Morning Stiffness (Now Now 😀) – You may wake up to enhanced muscle soreness with fibromyalgia, but you probably also feel more stiff than usual. The cause of these muscle symptoms is unknown, but warm water and gentle stretching usually help alleviate them. I can’t move much for an hour after awakening. Often I need a cup of tea and medication before I can go about my day. Sometimes I just have to get up and walk like I am made of cardboard in agony. Also amazing fun, lol

Muscle Knots, Cramping, Weakness – No matter how much you try to relax your muscles, they may feel tense. Many contain rope-like knots called my ofascial trigger points, making you more susceptible to muscle cramping and weakness.The pain of fibromyalgia may also be a source of muscle weakness. These are very similar to Motor Neuron Disease, I get this 24/7, my hamstrings, calf muscles are worse but anywhere we have muscles/tendons etc sufferer friends and I get pain a if there has been a partial tear in any given area, go to the hospital, get a scan, all good. Very hard to diagnose us, but they hooked me up to electrical nodes and made pain happen by pulling and pushing my muscles all over, it showed increased pain activity so proving the pain was there

Digestive Disorders – Constipation, diarrhoea, abdominal pain, gas and bloating, irritable bowel, and nausea are found in roughly 40 to 70% of fibromyalgia patients. Acid reflux and a slowed digestion are also common. If you take strong pain killers it’s important to take anti-acid tablets or you will ruin your insides badly.
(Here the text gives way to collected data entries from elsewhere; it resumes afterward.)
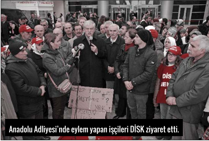
Anadolu Adliyesi'nde eylem yapan işçileri DİSK ziyaret etti.

Sendikasında örgütlü olan işçiler, eylemlerini Konak'taki İzmir Büyükşehir Belediyesi binası önünde, 10.00-17.00 saatleri arasında sürdürme kararı aldılar. İşçiler, ücretlerinin yüzde 26 oranında arttırılmasını ve ikramiyelerin 75 günden 120 güne çıkarılmasını talep ediyorlar. Kent Ekmekek yönetimi ise yüzde 8 ücret artışını dayatıyor. Yönetimin dayatmalarına karşı grevlerini sürdüren işçiler, sınıf örgütlerine dayanışma çağrısında bulunuyorlar.
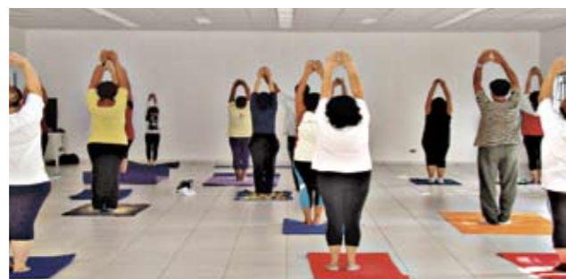
Aula de ioga: uma das mais concorridas

Interessado em fazer uma atividade cultural? Então reserve já uma vaga em um dos quinze cursos organizados pela Supervisão de Cultura da Subprefeitura. Gratuitos, muitos deles são bem concorridos, por isso é bom se apressar, pois as inscrições já estão abertas. Mais informações pelo tel. 3397-0896 ou na Subprefeitura, na avenida do Oratório, 172. Confira algumas opções:
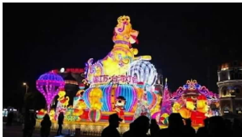
2018台灣江蘇交流燈會閃亮登場。
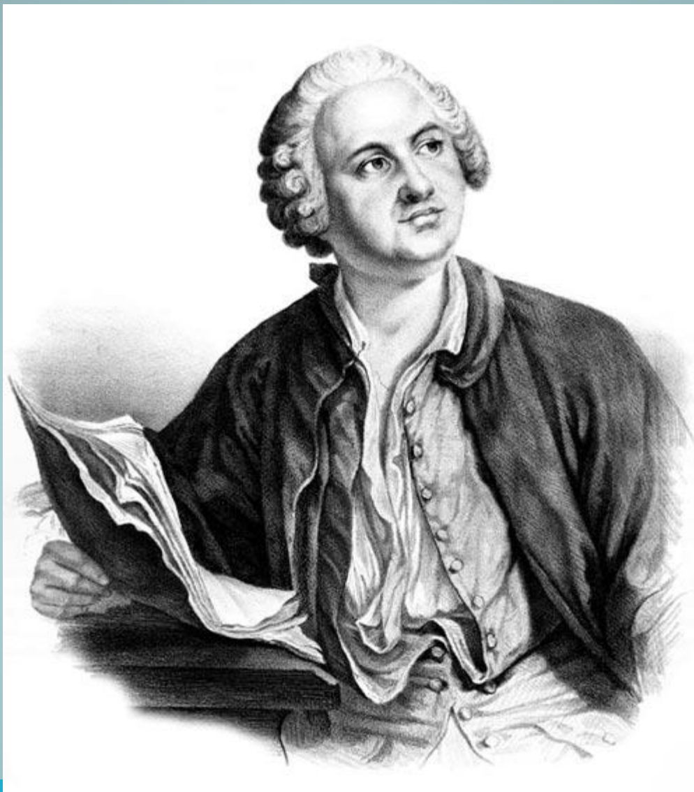
Михаил Ломоносов (1711-1765)
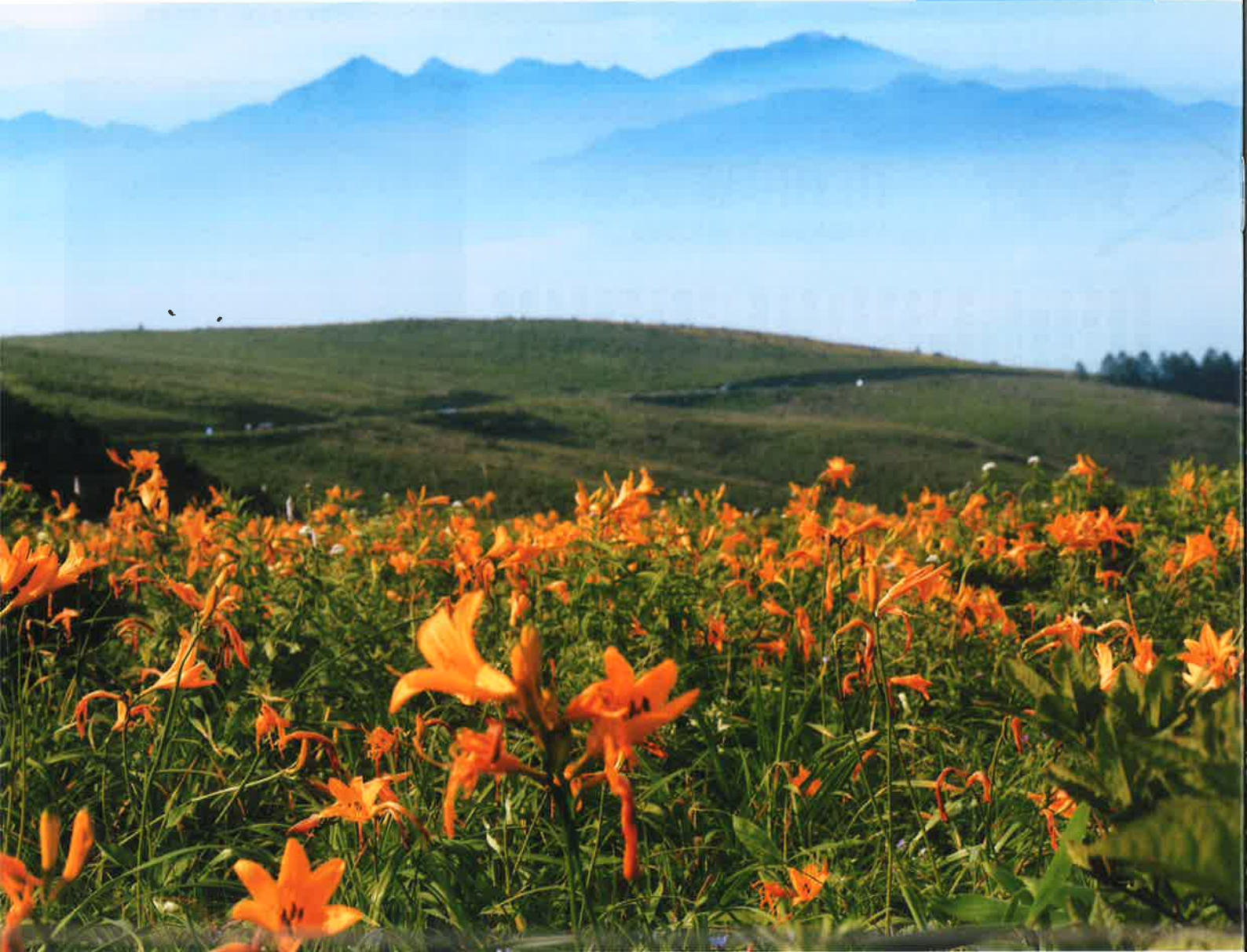
霧ヶ峰高原のニッコウキスゲの群落
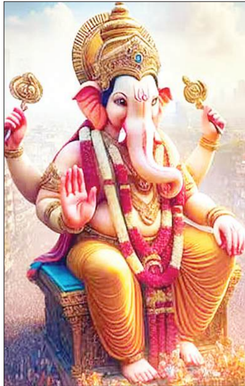
चंद्रोदय समय - रात 08.51

सुबह पूजा का समय - सुबह 06.06 - सुबह 07.42 पूजा मुहूर्त - शाम 05.17 - रात 09.41
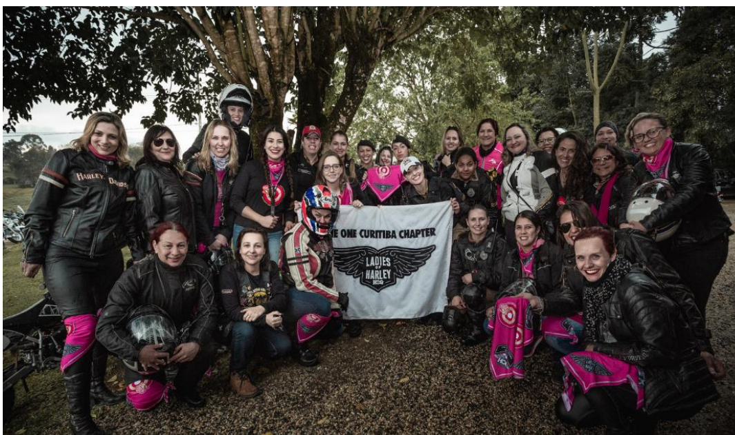
FIGURA 17: APRESENTAÇÃO DO OUTUBRO ROSA À POPULAÇÃO
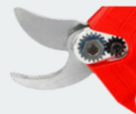
CUCHILLA DE ACERO SKS-5
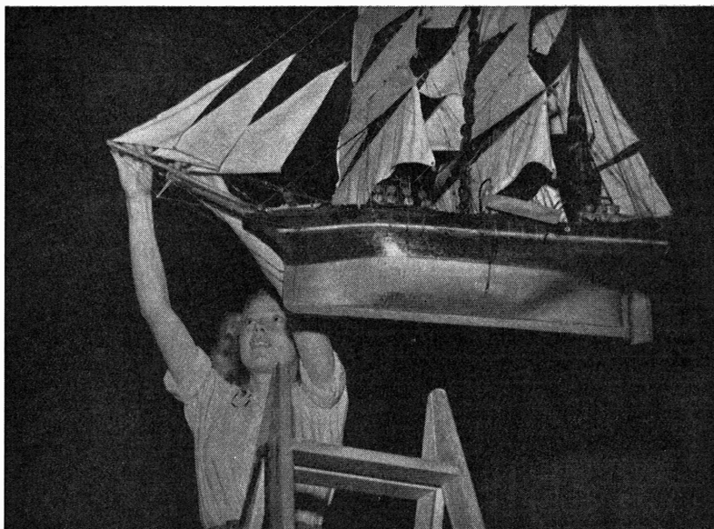
Bild 4. Votivskepp, Kyrkliga utställningen.

släktreliker. I en monter med damast utställdes sidenskimrande duktyg, som tillhört Fredrik I:s mätress, Hedvig Ulrika Taube. Här fanns både svenskt och utländskt damasttyg, bl. a. från Vadstena samt vidare hemvävd damast från skärgårdssocknarna. Gårdarna i trakten ställde ut vacker prydnads- och nyttslöjd.
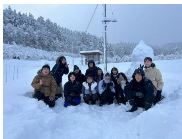
12月22日わどわ雪だるまづくり

・令和6年12月24日 第五回カレンダー編集会議 10時～ 清水交流センター和室 7名参加 トンボイラスト等貼付原案完成
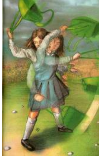
Imagen # 3, Autor: José Rosero, Tomado de: Evelio Rosero Diago, Pelea en el parque, El sueño de Tacha , Bogotá, El Barco de Vapor, 2009, p.25

donde ha dejado de aferrarse a su maletín por el miedo que le invadía y volverlo un objeto de defensa y lucha.

Headaches/Migraines – Recurrent tension headaches or migraines are present in 50 to 70% of fibromyalgia patients. Headache symptoms are usually rated as severe, occur at least two times per week, and often have a migraine component. This head pain is partly due to trigger points in the shoulder, neck, and head muscles. I get thumping headaches daily and medication does very little, laying down in bed can be the only treatment

Balance Problems – Balance confidence is greatly reduced in people with fibromyalgia. Walking patterns are altered and the odds of falling are increased. I have feel a few times now, once I slipped and knocked myself out in the hall, woke up in Dunfermline Hospital, great fun! lol

Itchy/Burning Skin – Your skin may look normal or it may have itchy red bumps similar to hives. Burning pain, similar to a bad sunburn, is also common in fibromyalgia patients. I personally get ‘Burnt Skin Syndrome’ where it feels like you are in an oven

Other Strange Symptoms? – Do bright lights, sounds, or odours bother you? These symptoms could be part of your fibromyalgia. Learn more by reading our article, “Is Sensory Overload Part of Your Fibromyalgia?”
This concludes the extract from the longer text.